The three-member panel, which included Chairman John Ring, a Trump appointee, rejected the arguments of The Federalist that publisher Ben Domenech was joking on his personal Twitter feed about the vote by Vox Media journalists to unionize when he made the offending tweet. The joke became a matter of federal enforcement after Joel Fleming, a class-action lawyer with no apparent connections to The Federalist, reported Domenech to the NLRB.

The NLRB board found Domenech’s tweet violated section 8(a)(1) of the National Labor Relations Act, which prohibits employers from doing anything “to interfere with, restrain, or coerce employees” over their rights to engage in collective action and unionize. The board rejected The Federalist’s argument no employee could see Domenech’s joke as anything more than a reference to the walkout and unionization vote at left-wing Vox, a competing publication. 

Domenech tweeted on his personal account on June 6, 2019 after Vox employees staged a walkout that drove the company into negotiating a labor agreement. “FYI @fdrlst first one of you tries to unionize I swear I’ll send you back to the salt mine,” he wrote. 

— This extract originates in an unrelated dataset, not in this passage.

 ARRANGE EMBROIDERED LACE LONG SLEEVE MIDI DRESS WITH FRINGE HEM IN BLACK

Unchastened by the NLRB’s Nov. 24 ruling, Domenech immediately posted an advertisement for “The Federalist Salt Mining Co, T-Shirt” on his Twitter feed, saying “IT’S BACK BABY”. 

The Federalist submitted affidavits from two Federalist employees who said they didn’t view the tweet as a threat. The NLRB fought hard to keep the affidavits out of the proceedings before administrative judge Kenneth W. Chu but the three-member board panel said it ultimately didn’t matter. The “subjective interpretations” of employees “are irrelevant” to determining whether Domenech violated the law, the board panel concluded. 

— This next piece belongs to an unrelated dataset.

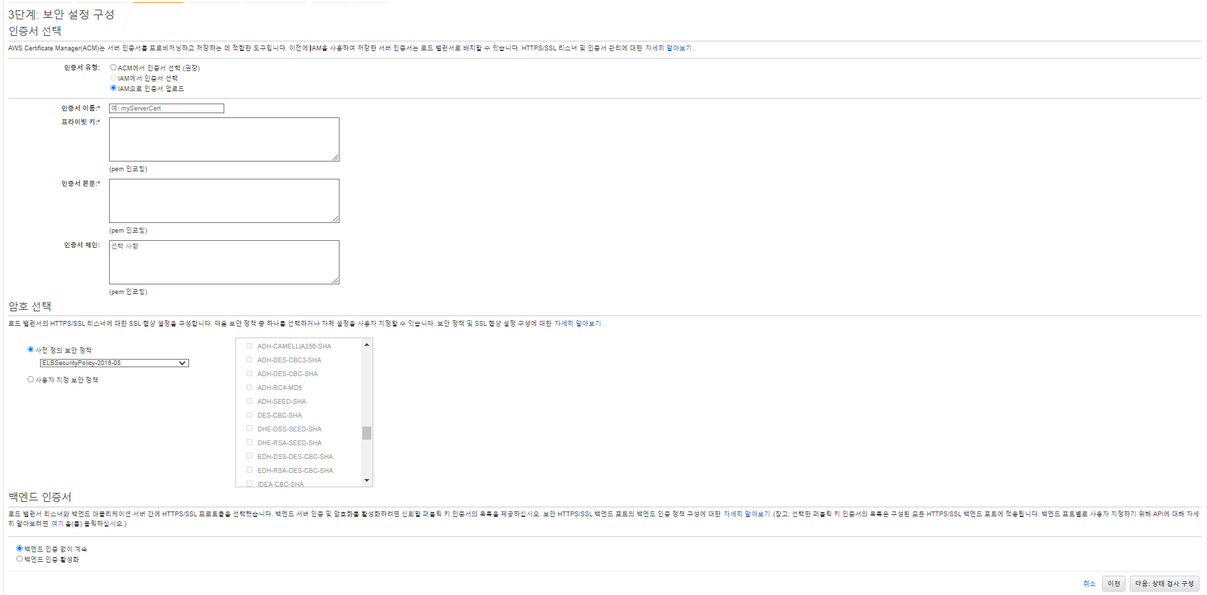 6. 인증서, 암호, 백엔드 인증서를 선택해줍니다.

“The test is whether the employer engaged in conduct which, it may reasonably be said, tends to interfere with the free exercise of employee rights,” the panel said.

Domenech and the Federalist are represented by the New Civil Liberties Alliance, a non-profit that frequently litigates over what it considers to be regulatory overreach. In a statement, the group said “the decision shows that NLRB lacks both common sense and a sense of humor.”

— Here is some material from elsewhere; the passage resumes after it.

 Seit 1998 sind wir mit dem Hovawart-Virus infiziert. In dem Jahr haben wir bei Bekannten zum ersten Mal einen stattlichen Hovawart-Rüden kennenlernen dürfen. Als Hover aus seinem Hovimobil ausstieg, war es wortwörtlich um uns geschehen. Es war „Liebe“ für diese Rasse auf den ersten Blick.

“It disregarded sworn employee statements saying that they perceived the tweet as just a joke,” the group said. “We look forward to vindicating FDRLST Media in the U.S. Court of Appeals.”

Lin, an administrative law judge employed by the NLRB, found that the tweet threatened Federalist employees with unspecified retaliation – obviously not being sent to a salt mine, since it would be impossible for him to enforce and there are none in the vicinity of Washington, D.C., anyway – and ordered him to remove the tweet and The Federalist to post labor regulations in its headquarters.

The NLRB panel upheld the penalty, including again ordering Domenech to delete the tweet.